==== DATA FOR ANALYSIS
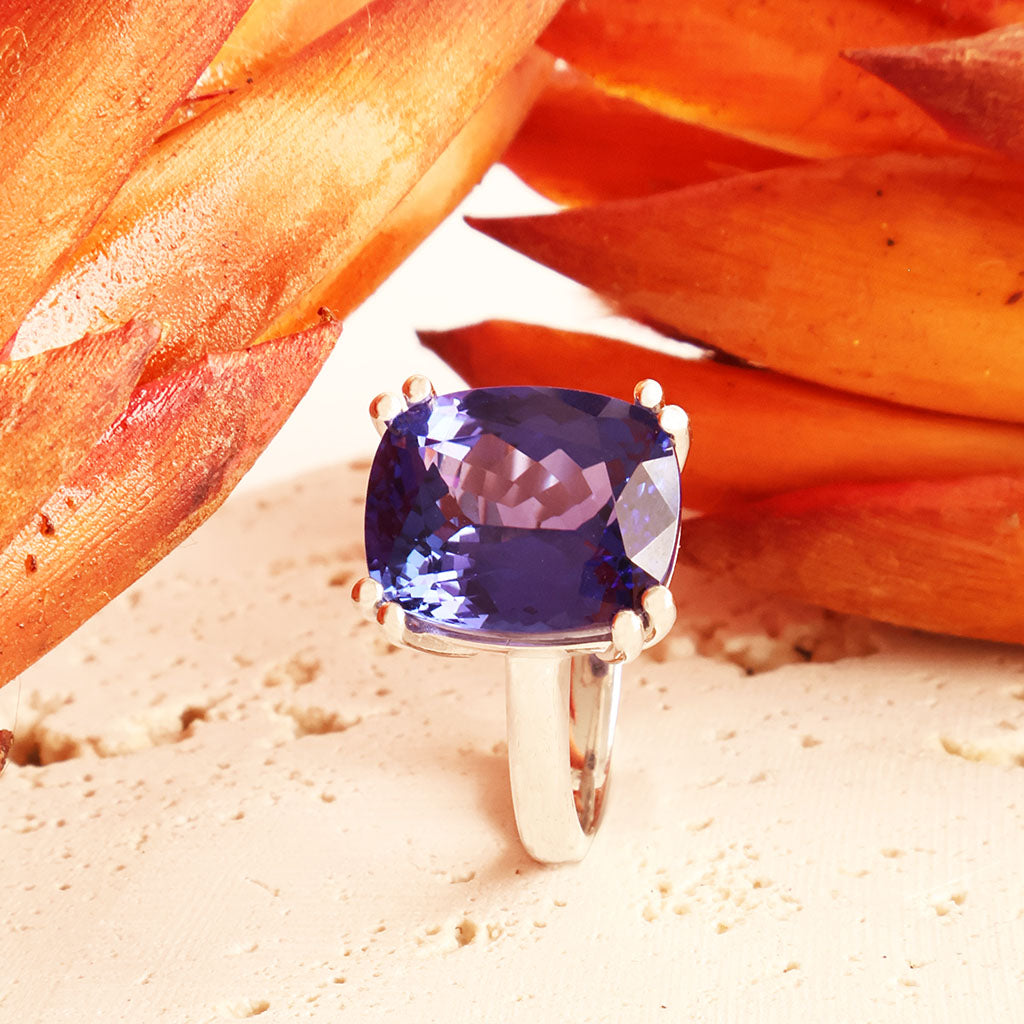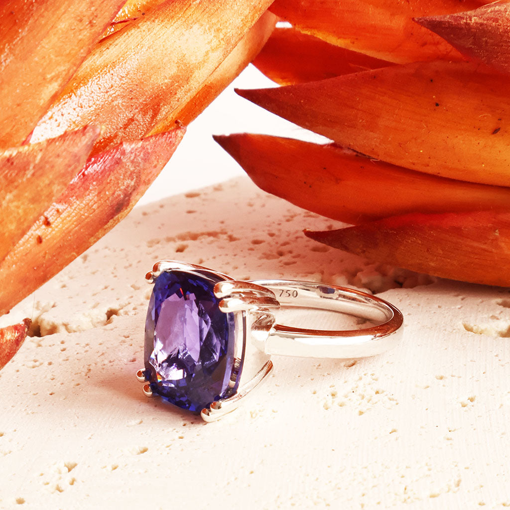 Show-stopping Elongated Cushion Cut Tanzanite 18ct White Gold Ring
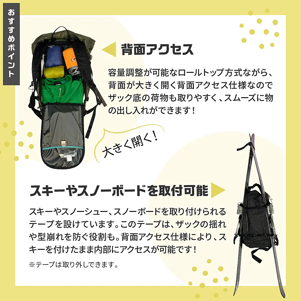 本体にスキーやスノーシュー、スノーボードを取り付けられるテープを設けています。
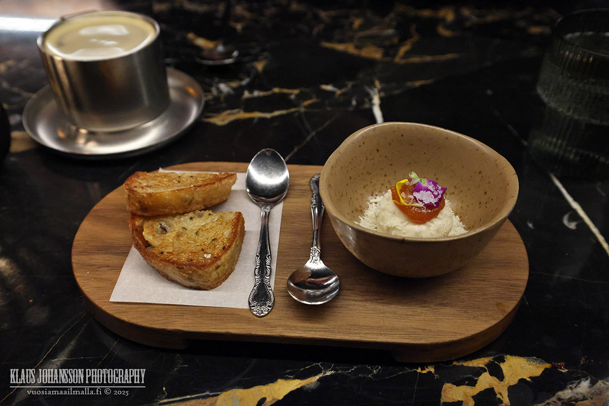 Jälkiruoka-annoksia illalliseemme kuului yhteensä kaksi kappaletta, joista ensimmäinen oli juustoinen hapanleipä, jonka päälle leviteltiin vuohenjuustopannukakkua, kvitteni-hedelmää sekä valkosuklaa hippusia. Erikoisen kuuloinen kombinaatio oli todella herkullinen ja tarjoiltiin lisäksi nätisti aseteltuna.
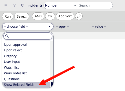 Sometimes you want to filter on a piece of data that’s not on the Incident table, but is related to the Caller (or some other reference field). This is where dot walking comes in, and it’s something you’ll have to first setup. Instead of searching for a field, scroll to the very bottom and you should see Show Related Fields. Click on this and you’ll go back to the same search box, leaving you to think nothing happened.
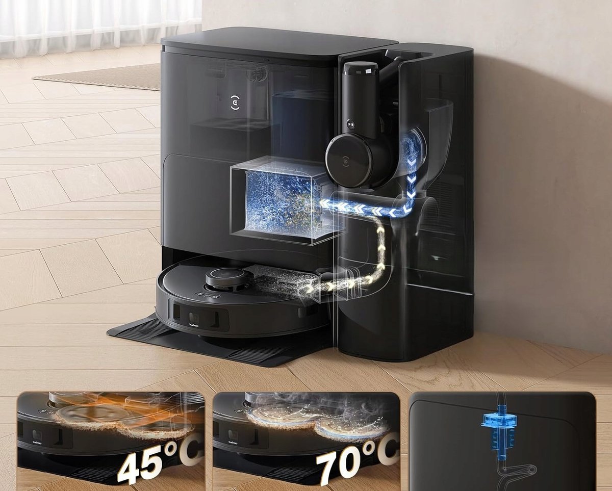 [Ulepszona stacja All-in-One OMNI] Nowa stacja wielofunkcyjna obsługuje mycie mopa gorącą wodą o temperaturze 70°C, automatycznie usuwa kurz i brudną wodę. Przyjmuje ona również suszenie mopa na gorące powietrze. Podwójny system odsysania umożliwia obu odkurzaczom opróżnienie pojemnika na kurz do dużego worka na kurz stacji bazowej. Ta stacja OMNI zawsze idealnie przygotowuje DEEBOT T30S COMBO COMPLETE do następnego procesu czyszczenia. Wygodny i zawsze gotowy do użycia.
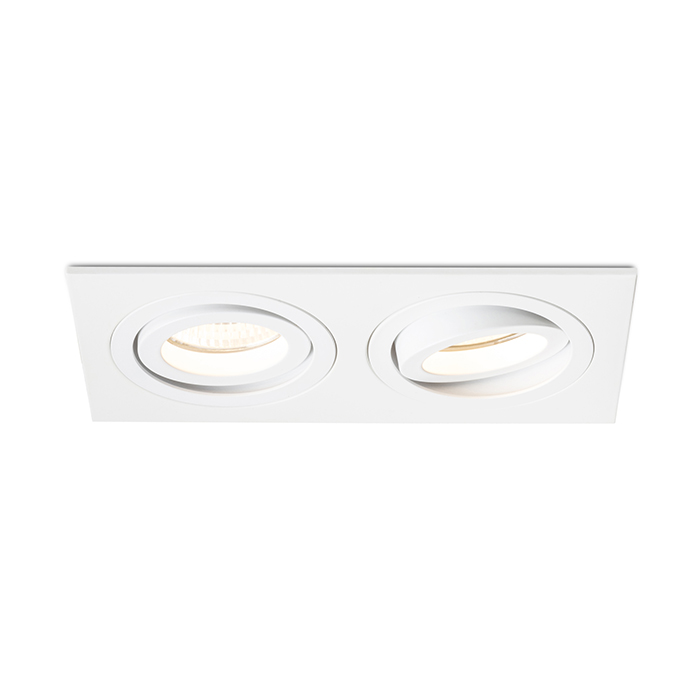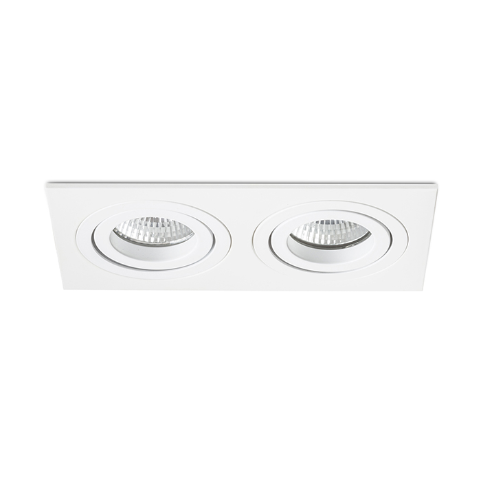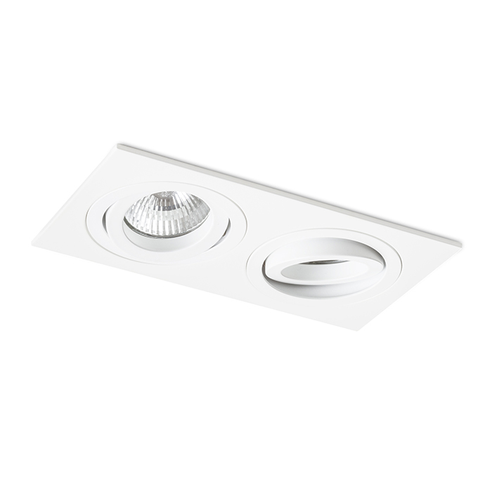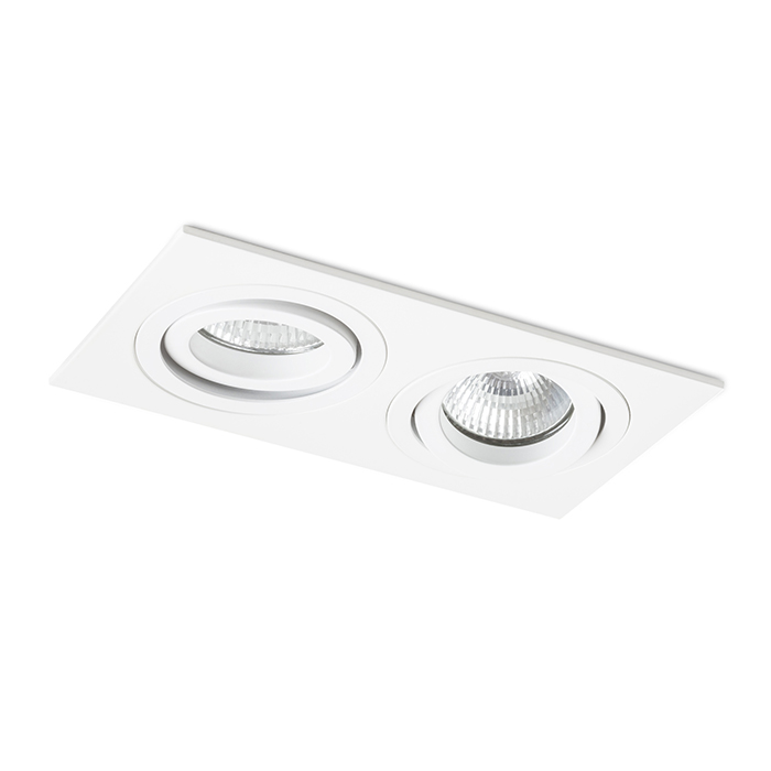 Téglalap alakú dupla süllyeszthetõ lámpa alumínium kivitelben natúr felületkezeléssel vagy festett változatban. GU10 foglalatú izzókhoz dönthetõ kialakítással.
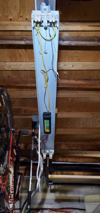 So, in trying to plan for the future I’ve decided I may want to try and run these lights off of solar at some point. Since you can split an electrical outlet into 2 separate outlets I’ve decided to have one side of a plug supplied with grid AC and the other side supplied with solar AC. Then I would just plug the garage lights into the corresponding outlet. Does this follow electrical code? Probably not. Is this cheaper than a dedicated transfer switch for just the garage lights? Most definitely.
========
Reproduce the records exactly, starting with their first line and ending with the line that contains "Jälkiruoka-annoksia illalliseemme kuului", though pictures should be dropped.

• _ANSWER BELOW_:
 Show-stopping Elongated Cushion Cut Tanzanite 18ct White Gold Ring
 本体にスキーやスノーシュー、スノーボードを取り付けられるテープを設けています。
 Jälkiruoka-annoksia illalliseemme kuului yhteensä kaksi kappaletta, joista ensimmäinen oli juustoinen hapanleipä, jonka päälle leviteltiin vuohenjuustopannukakkua, kvitteni-hedelmää sekä valkosuklaa hippusia. Erikoisen kuuloinen kombinaatio oli todella herkullinen ja tarjoiltiin lisäksi nätisti aseteltuna.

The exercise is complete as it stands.